Work item: Copy down every line of the data that follows exactly. Omit the pictures.

Given material:
--- --- ---
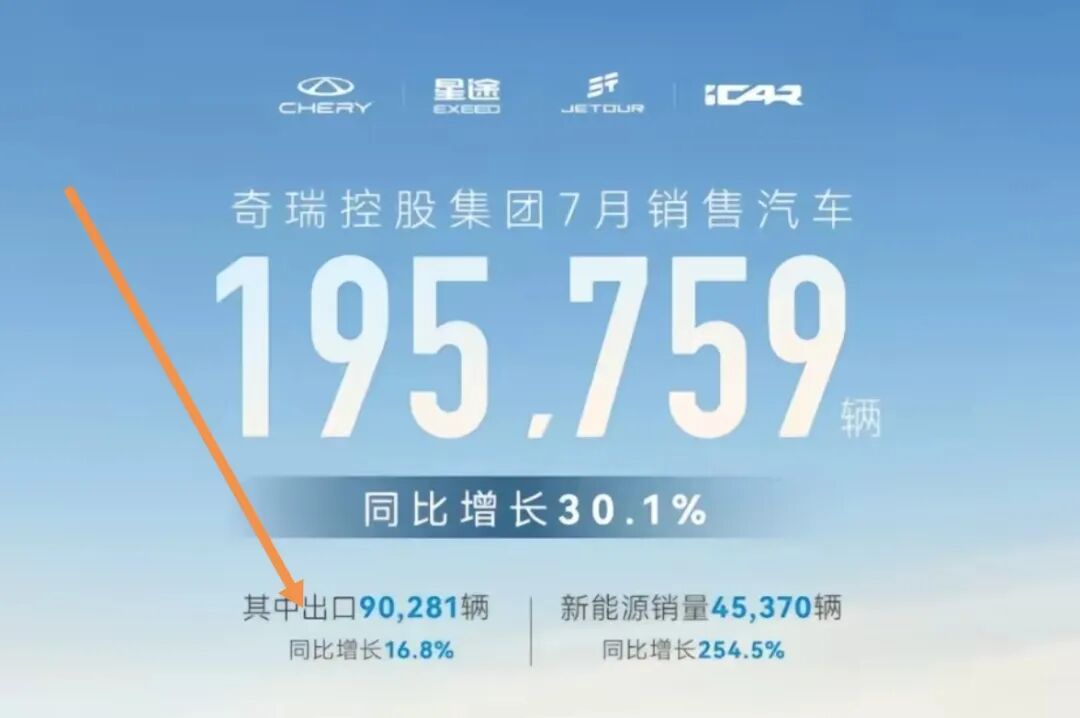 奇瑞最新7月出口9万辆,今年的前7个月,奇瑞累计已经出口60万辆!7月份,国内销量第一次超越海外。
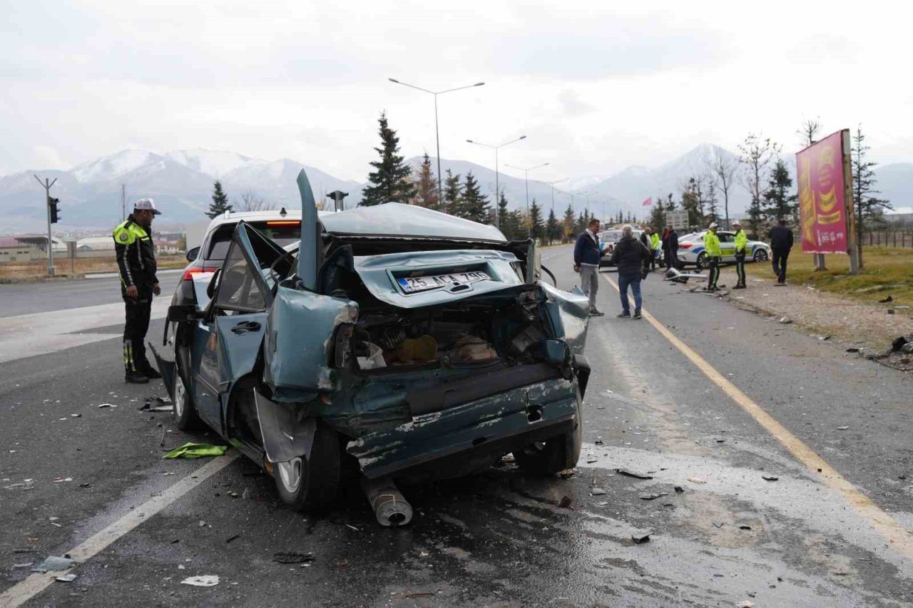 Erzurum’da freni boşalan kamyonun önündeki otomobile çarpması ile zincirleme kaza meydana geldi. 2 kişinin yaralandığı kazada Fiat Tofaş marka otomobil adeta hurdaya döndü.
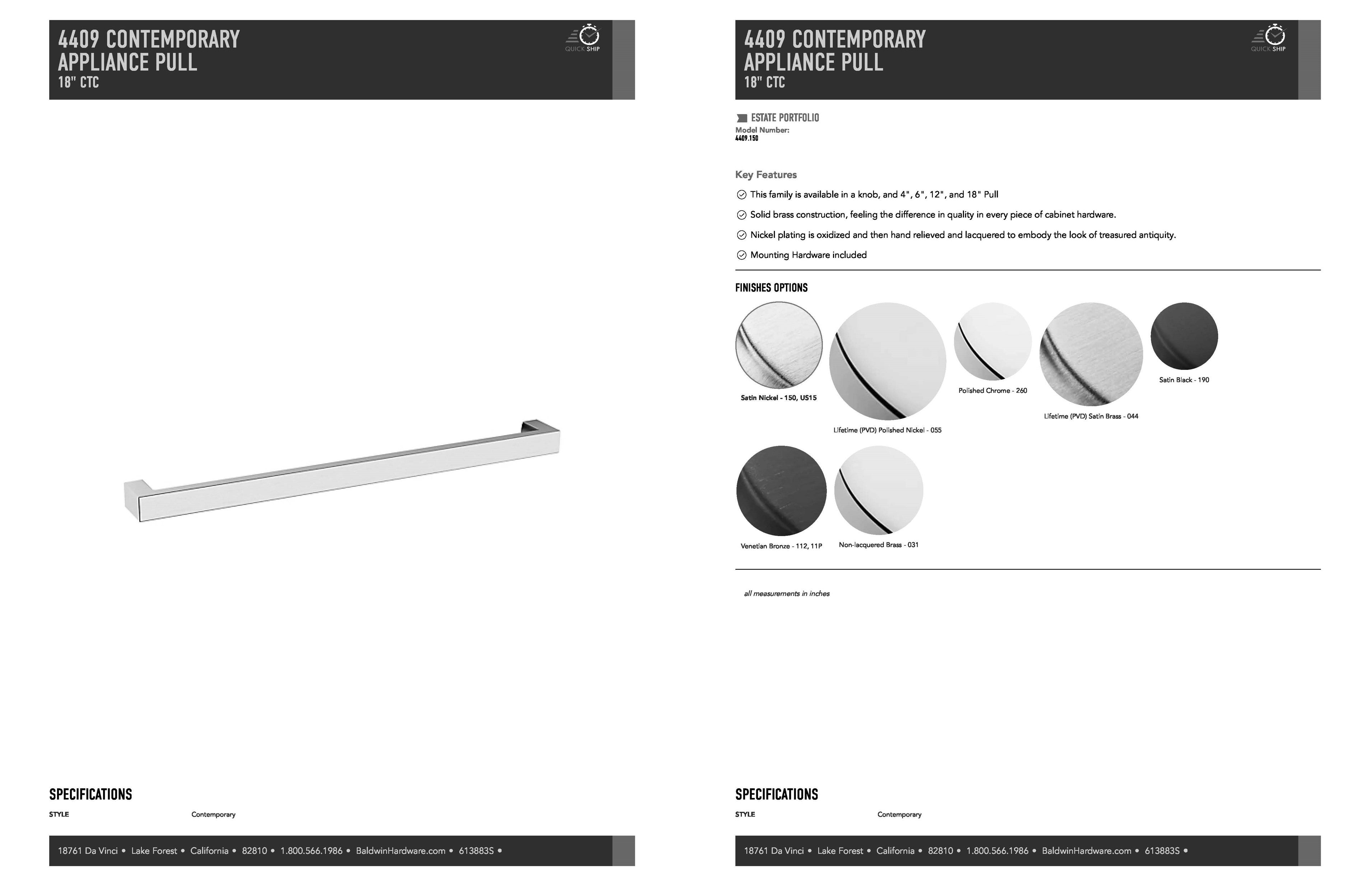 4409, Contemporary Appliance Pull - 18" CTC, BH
--- --- ---
Expected answer:
 奇瑞最新7月出口9万辆,今年的前7个月,奇瑞累计已经出口60万辆!7月份,国内销量第一次超越海外。
 Erzurum’da freni boşalan kamyonun önündeki otomobile çarpması ile zincirleme kaza meydana geldi. 2 kişinin yaralandığı kazada Fiat Tofaş marka otomobil adeta hurdaya döndü.
 4409, Contemporary Appliance Pull - 18" CTC, BH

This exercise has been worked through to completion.